THE TASK:
Take the lines below from the one with "A l’issue de" through the one with "تهديكم غرفة تبوك" and retype them exactly. Include nothing else, and no pictures.

SUPPLIED RECORDS:
◇ ◇ ◇ ◇ ◇
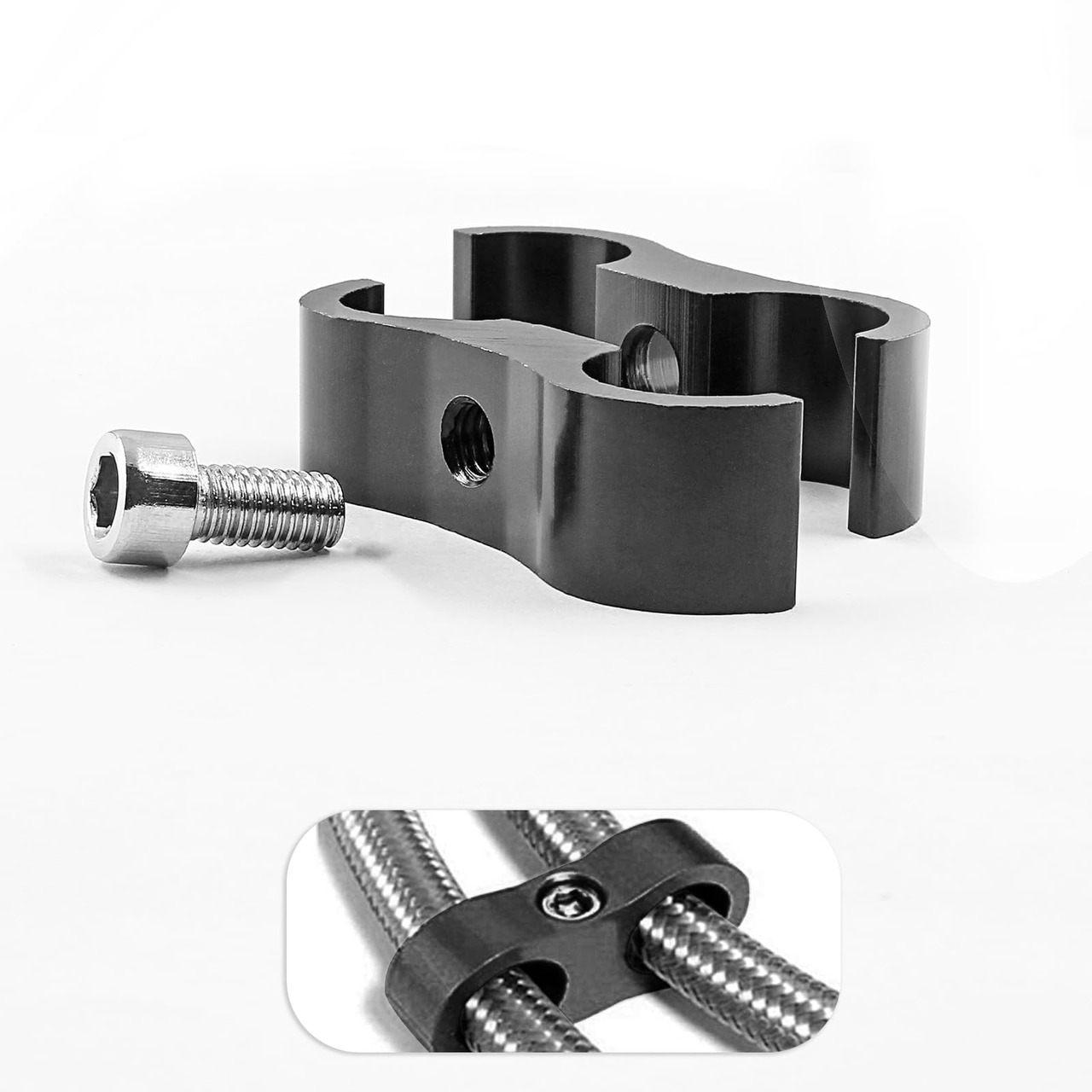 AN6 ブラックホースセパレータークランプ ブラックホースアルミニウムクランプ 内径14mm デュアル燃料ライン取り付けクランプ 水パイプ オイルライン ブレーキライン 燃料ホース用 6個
◇ ◇ ◇ ◇ ◇
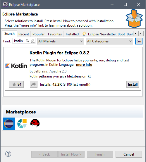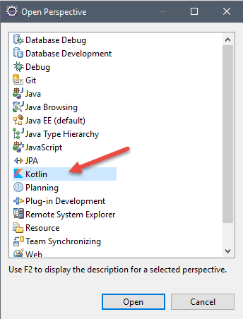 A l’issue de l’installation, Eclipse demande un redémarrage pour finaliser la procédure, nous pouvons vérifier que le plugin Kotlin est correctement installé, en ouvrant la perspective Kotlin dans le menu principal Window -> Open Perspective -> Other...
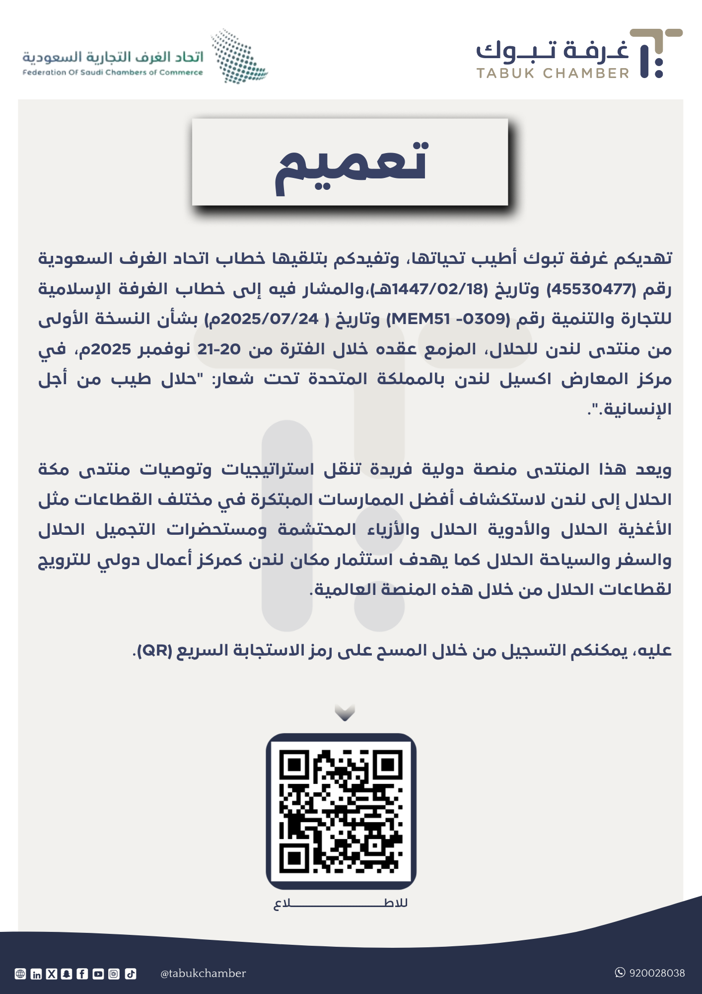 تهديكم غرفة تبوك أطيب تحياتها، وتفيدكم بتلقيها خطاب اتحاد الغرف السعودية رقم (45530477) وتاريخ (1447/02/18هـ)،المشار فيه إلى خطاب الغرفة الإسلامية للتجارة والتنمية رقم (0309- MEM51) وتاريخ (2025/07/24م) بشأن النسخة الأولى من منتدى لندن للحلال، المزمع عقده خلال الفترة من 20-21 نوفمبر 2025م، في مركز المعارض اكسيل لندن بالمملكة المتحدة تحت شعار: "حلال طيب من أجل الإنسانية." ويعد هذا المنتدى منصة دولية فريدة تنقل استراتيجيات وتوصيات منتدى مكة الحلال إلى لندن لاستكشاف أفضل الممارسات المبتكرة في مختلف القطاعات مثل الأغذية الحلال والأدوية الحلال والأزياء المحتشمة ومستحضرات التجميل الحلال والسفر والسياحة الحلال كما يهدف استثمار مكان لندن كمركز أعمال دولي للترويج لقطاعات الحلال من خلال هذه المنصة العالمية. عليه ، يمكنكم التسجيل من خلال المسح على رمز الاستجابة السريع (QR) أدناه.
◇ ◇ ◇ ◇ ◇
OUTPUT FOR THIS EXERCISE:
 A l’issue de l’installation, Eclipse demande un redémarrage pour finaliser la procédure, nous pouvons vérifier que le plugin Kotlin est correctement installé, en ouvrant la perspective Kotlin dans le menu principal Window -> Open Perspective -> Other...
 تهديكم غرفة تبوك أطيب تحياتها، وتفيدكم بتلقيها خطاب اتحاد الغرف السعودية رقم (45530477) وتاريخ (1447/02/18هـ)،المشار فيه إلى خطاب الغرفة الإسلامية للتجارة والتنمية رقم (0309- MEM51) وتاريخ (2025/07/24م) بشأن النسخة الأولى من منتدى لندن للحلال، المزمع عقده خلال الفترة من 20-21 نوفمبر 2025م، في مركز المعارض اكسيل لندن بالمملكة المتحدة تحت شعار: "حلال طيب من أجل الإنسانية." ويعد هذا المنتدى منصة دولية فريدة تنقل استراتيجيات وتوصيات منتدى مكة الحلال إلى لندن لاستكشاف أفضل الممارسات المبتكرة في مختلف القطاعات مثل الأغذية الحلال والأدوية الحلال والأزياء المحتشمة ومستحضرات التجميل الحلال والسفر والسياحة الحلال كما يهدف استثمار مكان لندن كمركز أعمال دولي للترويج لقطاعات الحلال من خلال هذه المنصة العالمية. عليه ، يمكنكم التسجيل من خلال المسح على رمز الاستجابة السريع (QR) أدناه.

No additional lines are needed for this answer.